# Cheap Decorating Ideas!



## TaylorW (Sep 4, 2010)

I thought I would share a few cheap decorating ideas that I used on my tank. I'm a college student on a budget, so I like cheap  I used poster board, glass clings, and duct tape. To make a cheap tank cover you need some kind of mesh (I used an old window screen) and duct tape.

You can get glass clings that look like just about anything, they even sell ones that look like stained glass online. I've even seen some cute ones that look like dragonflies at Walmart! I picked up holiday glass clings for a dollar, so now I have Halloween bats on my tank 

I also used a piece of neon poster board (the small, thin kind used to make signs) for the back of my tank. Poster board comes in a wide variety of colors, and sometimes it comes in multi-packs of several different colors for really cheap! Just cut it to size and you're ready to go! :-D You could even decorate the posterboard yourself if you want to!
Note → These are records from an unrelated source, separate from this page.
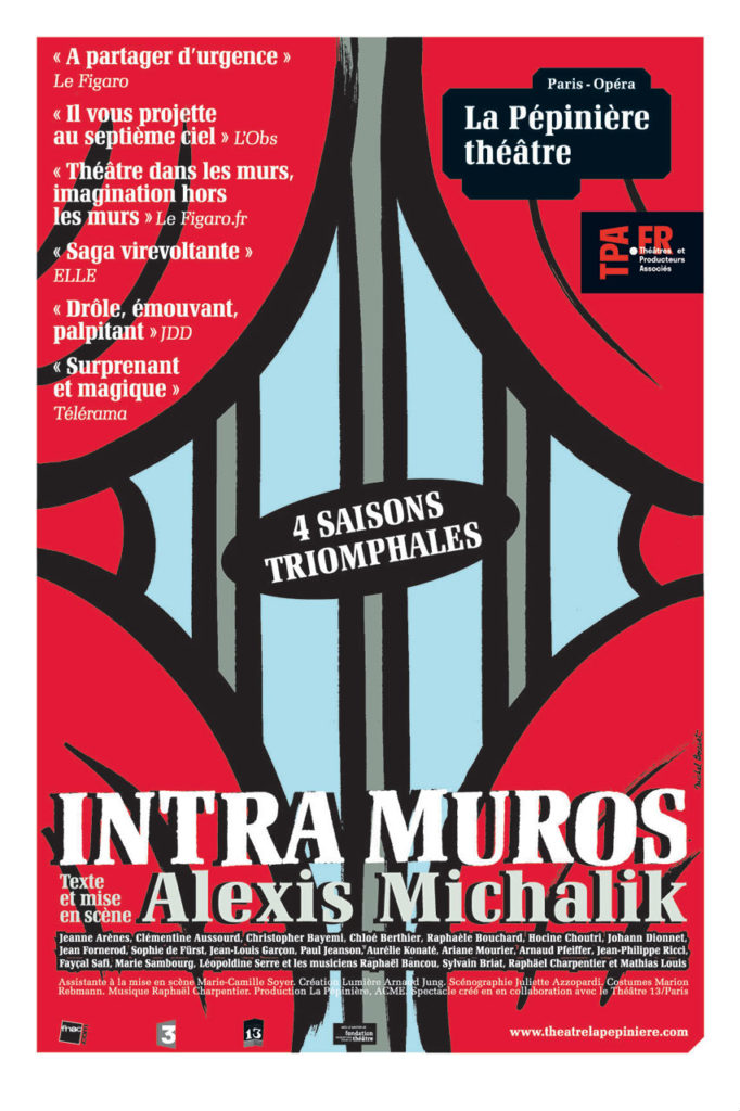 INTRA MUROS c’est une fête un peu éruptive et brouillonne où on célèbre la vie. Et en même temps c’est une machination bien pensée, huilée, intelligente, qui ne laisse rien au hasard.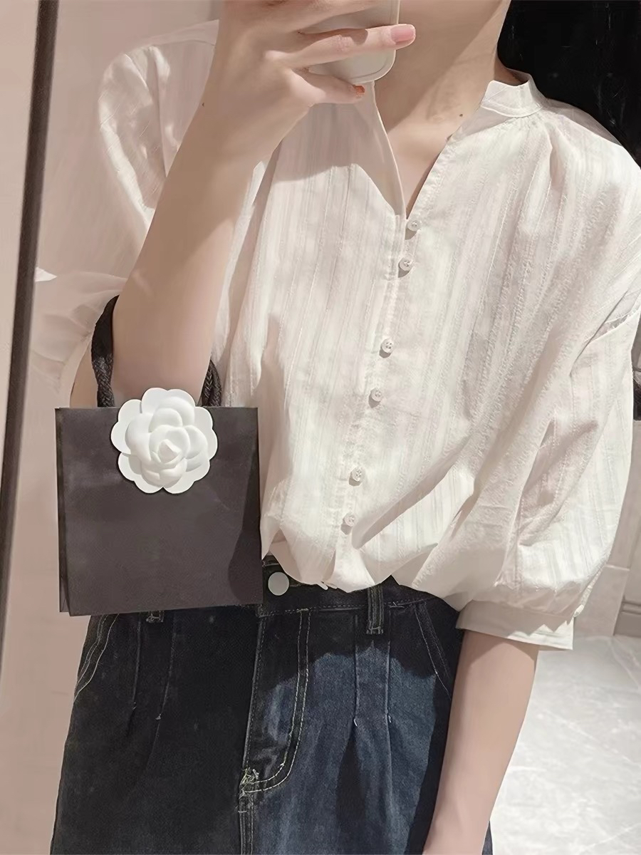 프랑스식 화이트 면 린넨 여성 셔츠 여름 얇은 스타일 아마 거품 소매 셔츠 품격 중간 소매 5 점 소매 맨위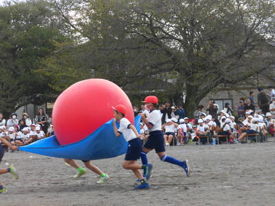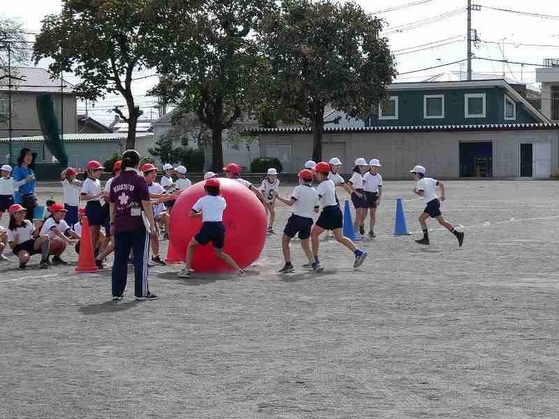 運動会の練習の様子です。4年生の団体種目「大玉運び界隈」の練習をしています。互いに協力して大玉を運んだり受け渡したりしました。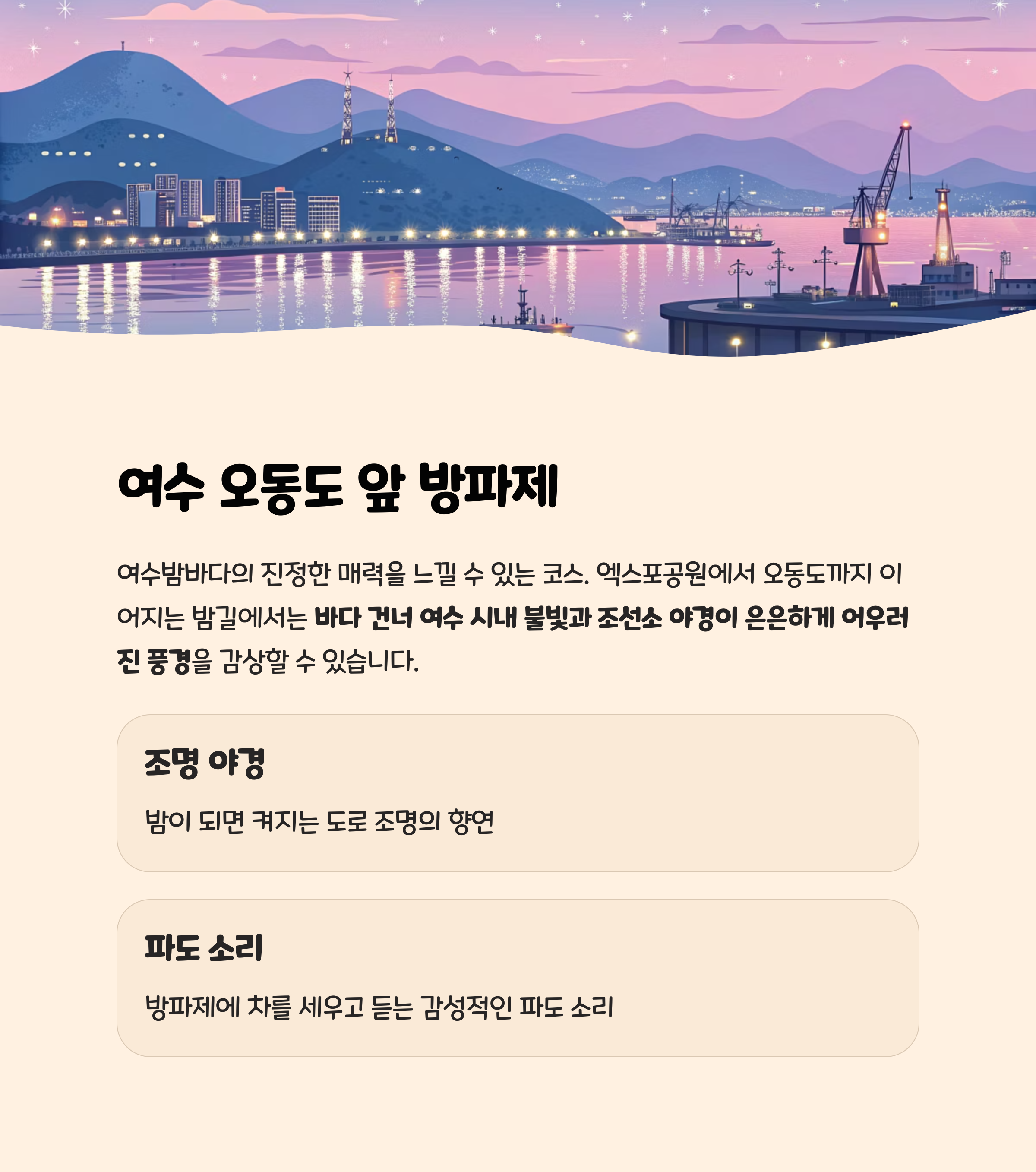 여수밤바다가 왜 유명한지를 보여주는 코스입니다.

I used something similar to this http://catalog.teachingsupplystore...._Assorted__5_Fluorescent_Colors-p-131561.html

Duct tape comes in all kinds of patterns and colors, and I used TINY pieces to attach the poster board on the back of my tank. I also used it to make my tank cover.

For my tank cover, I took a piece of old metal window screening and cut it to fit the top of my tank. Then I wrapped the edges in colorful duct tape to keep the screen from unraveling. I use poster putty to attach the cover to the top of my tank so that my fish can't jump out. It looks cute with the matching tape, and it keeps my fish safe!

You can definitely do a lot more than what I did with the decorations I used, so I hope I gave someone an idea to go rummaging through their house and get creative!


----------



## TaylorW (Sep 4, 2010)

Ok, so I know it's a bit junky, but I really REALLY wanted some kind of a cheap background!


----------



## Lion Mom (Jun 14, 2010)

TaylorW said:


> Ok, so I know it's a bit junky, but I really REALLY wanted some kind of a cheap background!


Not to worry - I use black poster board & I think it looks GREAT!!! :-D


----------



## Alex09 (Aug 9, 2010)

I used black poster board but my betta totally went crazy (it turned the back wall of the tank into a mirror) I now use a crumpled up paper bag. Looks awesome


----------



## Jupiter (Aug 30, 2009)

Oh, thanks for this! I might make one since my tank doesn't have a lid.


----------



## Lion Mom (Jun 14, 2010)

Alex09 said:


> I used black poster board but my betta totally went crazy (it turned the back wall of the tank into a mirror) I now use a crumpled up paper bag. Looks awesome


I've never had trouble with that. Maybe I'm just lucky or my fish are just goofy! :lol:


----------



## TaylorW (Sep 4, 2010)

Jupiter said:


> Oh, thanks for this! I might make one since my tank doesn't have a lid.


You're welcome!  I couldn't find a cover or hood for my 2.5, so this was the cheapest and easiest way to go! You could probably make it look a bit better than mine though


----------



## purplemuffin (Aug 12, 2010)

Hmmm I might enjoy painting my own backdrop! That could be cool!


----------



## TaylorW (Sep 4, 2010)

purplemuffin said:


> Hmmm I might enjoy painting my own backdrop! That could be cool!


Ooh, paint it and post a pic!! :-D I think it would be awesome to decorate your tank with your own work of art!!


----------